» Task prompt
Exactly as written, reproduce the lines from the beginning of the data through the line containing "제주특별자치도 노동권익센터(센터장 김경보)가"; the pictures are not reproduced.

» Data for processing

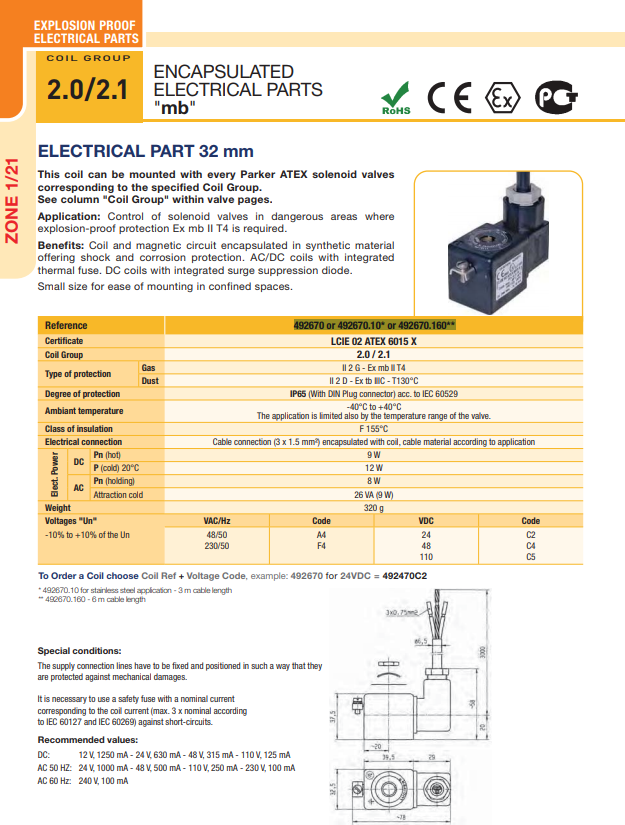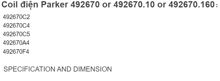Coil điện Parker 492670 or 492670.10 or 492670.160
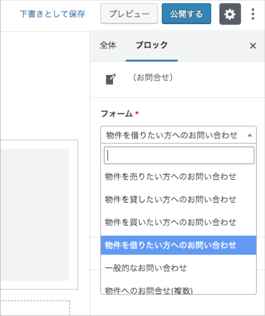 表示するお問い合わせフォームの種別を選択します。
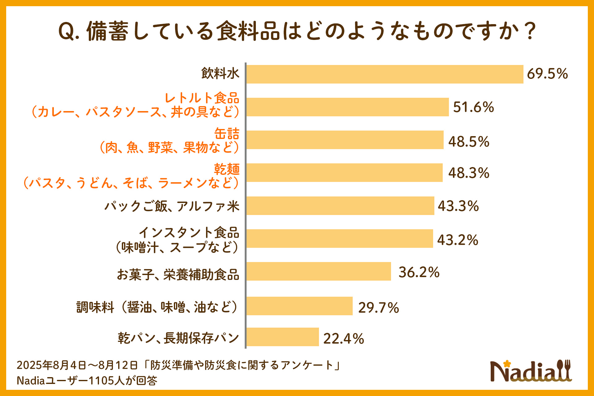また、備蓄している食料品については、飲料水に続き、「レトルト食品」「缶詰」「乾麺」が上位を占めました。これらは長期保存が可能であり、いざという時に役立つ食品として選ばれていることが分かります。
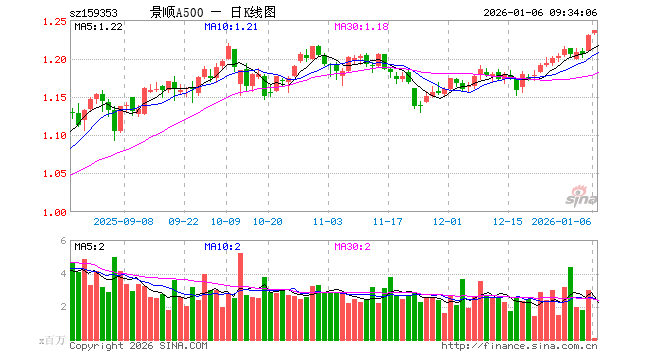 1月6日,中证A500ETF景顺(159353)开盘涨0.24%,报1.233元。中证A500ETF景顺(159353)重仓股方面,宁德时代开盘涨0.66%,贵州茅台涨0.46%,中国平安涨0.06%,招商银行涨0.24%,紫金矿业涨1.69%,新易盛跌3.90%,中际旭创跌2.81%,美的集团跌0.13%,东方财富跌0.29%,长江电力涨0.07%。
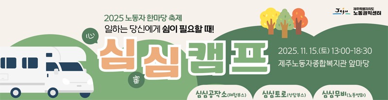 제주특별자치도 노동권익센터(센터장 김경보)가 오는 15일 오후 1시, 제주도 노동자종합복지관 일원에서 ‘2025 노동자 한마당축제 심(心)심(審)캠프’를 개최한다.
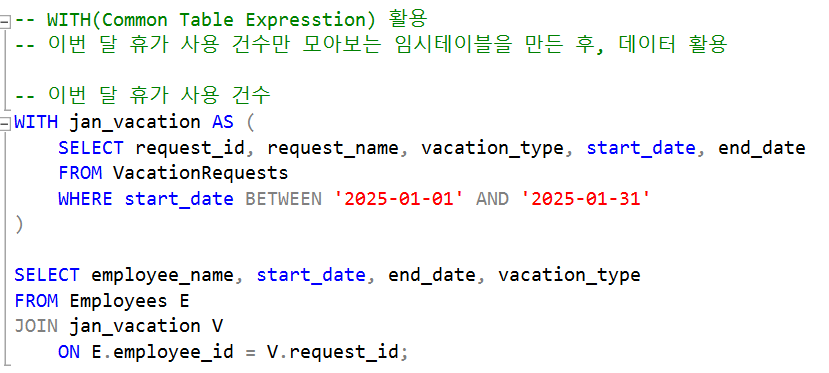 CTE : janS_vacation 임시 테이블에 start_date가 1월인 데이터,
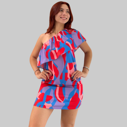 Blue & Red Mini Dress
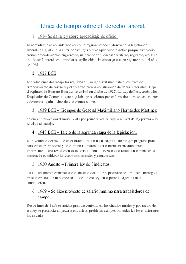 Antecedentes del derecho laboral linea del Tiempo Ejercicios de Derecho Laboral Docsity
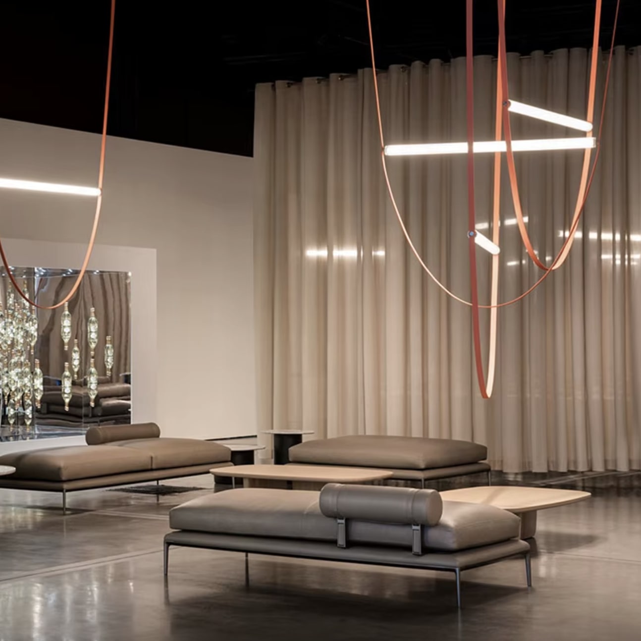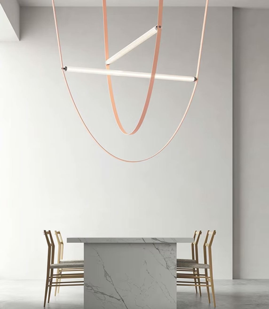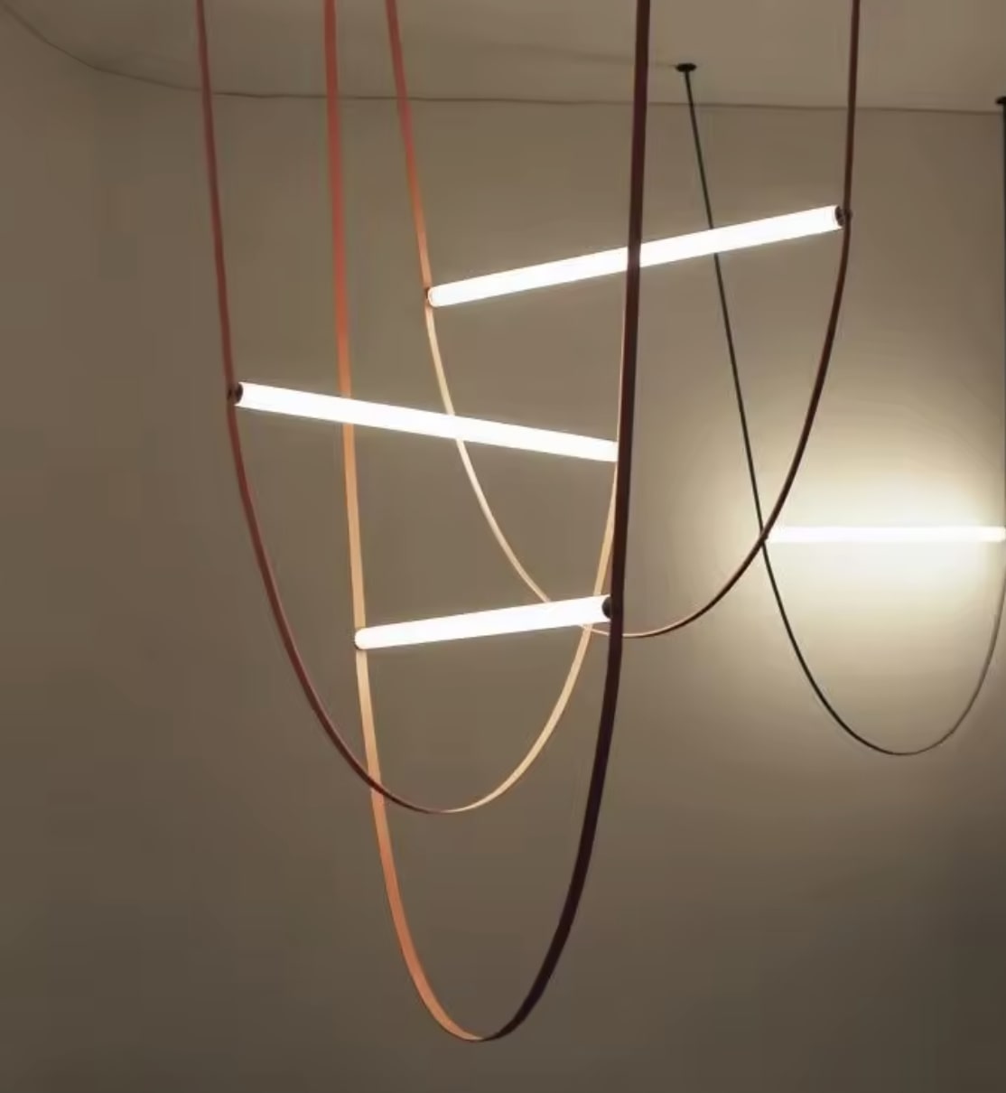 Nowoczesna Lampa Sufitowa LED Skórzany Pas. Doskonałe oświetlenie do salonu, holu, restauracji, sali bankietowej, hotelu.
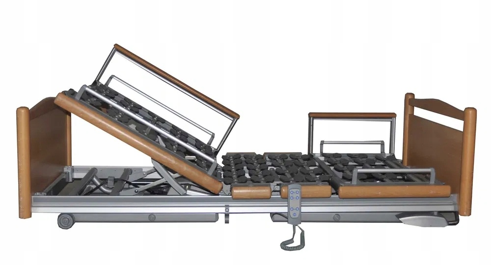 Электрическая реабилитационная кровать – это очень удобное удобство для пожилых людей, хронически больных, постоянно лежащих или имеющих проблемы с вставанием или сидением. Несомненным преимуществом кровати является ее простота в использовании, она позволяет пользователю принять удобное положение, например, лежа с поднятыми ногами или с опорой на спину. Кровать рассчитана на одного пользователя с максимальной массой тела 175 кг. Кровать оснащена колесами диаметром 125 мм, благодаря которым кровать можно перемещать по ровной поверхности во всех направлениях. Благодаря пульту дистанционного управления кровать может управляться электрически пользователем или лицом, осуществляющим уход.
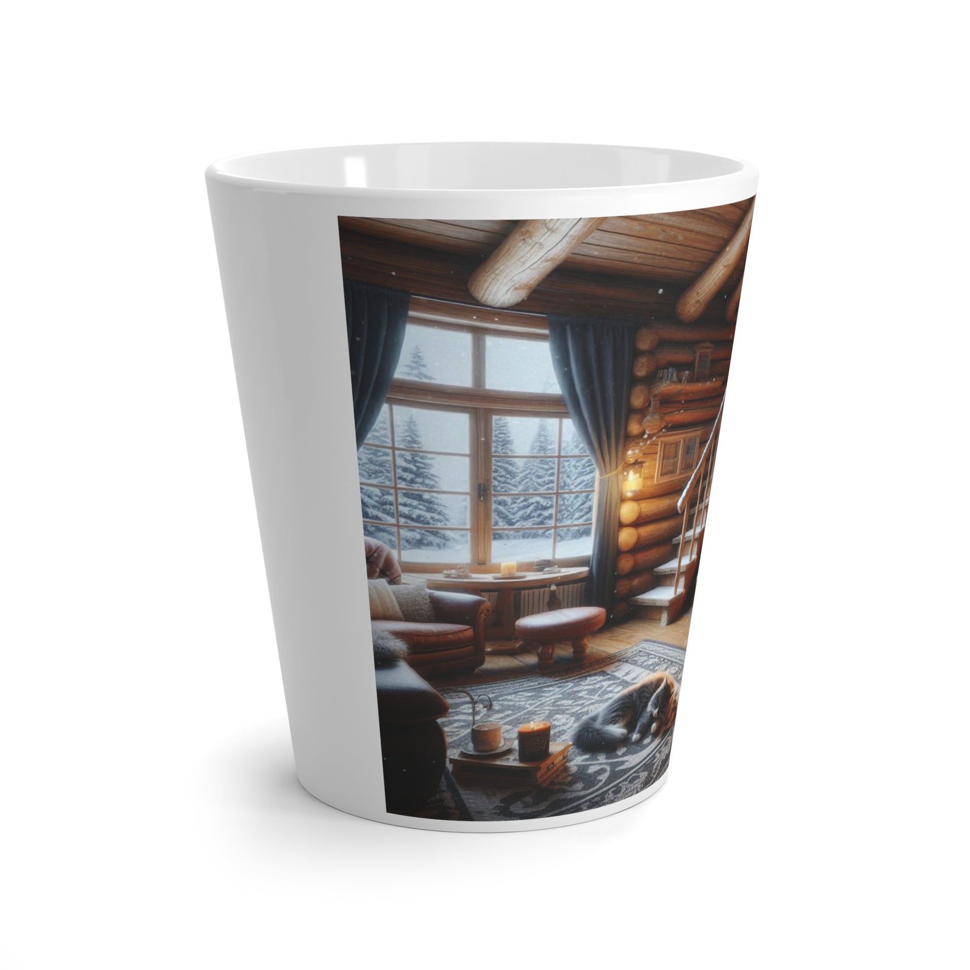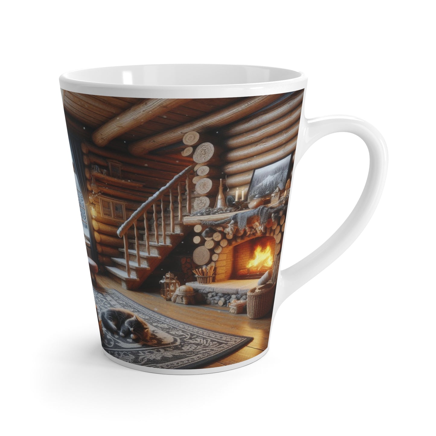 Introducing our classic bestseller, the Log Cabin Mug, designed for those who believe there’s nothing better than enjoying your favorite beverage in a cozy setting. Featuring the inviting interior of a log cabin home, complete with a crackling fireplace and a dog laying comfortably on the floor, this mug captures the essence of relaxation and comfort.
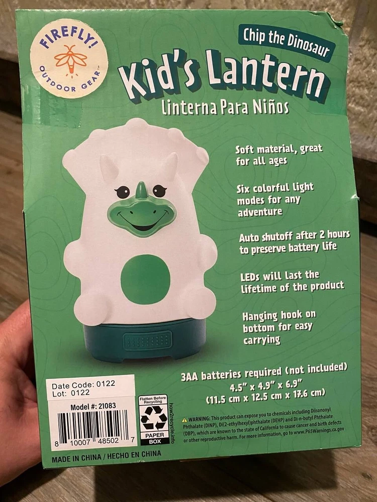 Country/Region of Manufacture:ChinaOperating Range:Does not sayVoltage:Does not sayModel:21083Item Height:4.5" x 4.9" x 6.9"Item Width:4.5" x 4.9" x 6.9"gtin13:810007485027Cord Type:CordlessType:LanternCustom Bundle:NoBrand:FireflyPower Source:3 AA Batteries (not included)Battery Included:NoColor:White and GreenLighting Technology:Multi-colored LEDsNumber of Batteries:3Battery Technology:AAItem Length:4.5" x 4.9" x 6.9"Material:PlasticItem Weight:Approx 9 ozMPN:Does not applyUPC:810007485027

» Task answer
Coil điện Parker 492670 or 492670.10 or 492670.160
 表示するお問い合わせフォームの種別を選択します。
また、備蓄している食料品については、飲料水に続き、「レトルト食品」「缶詰」「乾麺」が上位を占めました。これらは長期保存が可能であり、いざという時に役立つ食品として選ばれていることが分かります。
 1月6日,中证A500ETF景顺(159353)开盘涨0.24%,报1.233元。中证A500ETF景顺(159353)重仓股方面,宁德时代开盘涨0.66%,贵州茅台涨0.46%,中国平安涨0.06%,招商银行涨0.24%,紫金矿业涨1.69%,新易盛跌3.90%,中际旭创跌2.81%,美的集团跌0.13%,东方财富跌0.29%,长江电力涨0.07%。
 제주특별자치도 노동권익센터(센터장 김경보)가 오는 15일 오후 1시, 제주도 노동자종합복지관 일원에서 ‘2025 노동자 한마당축제 심(心)심(審)캠프’를 개최한다.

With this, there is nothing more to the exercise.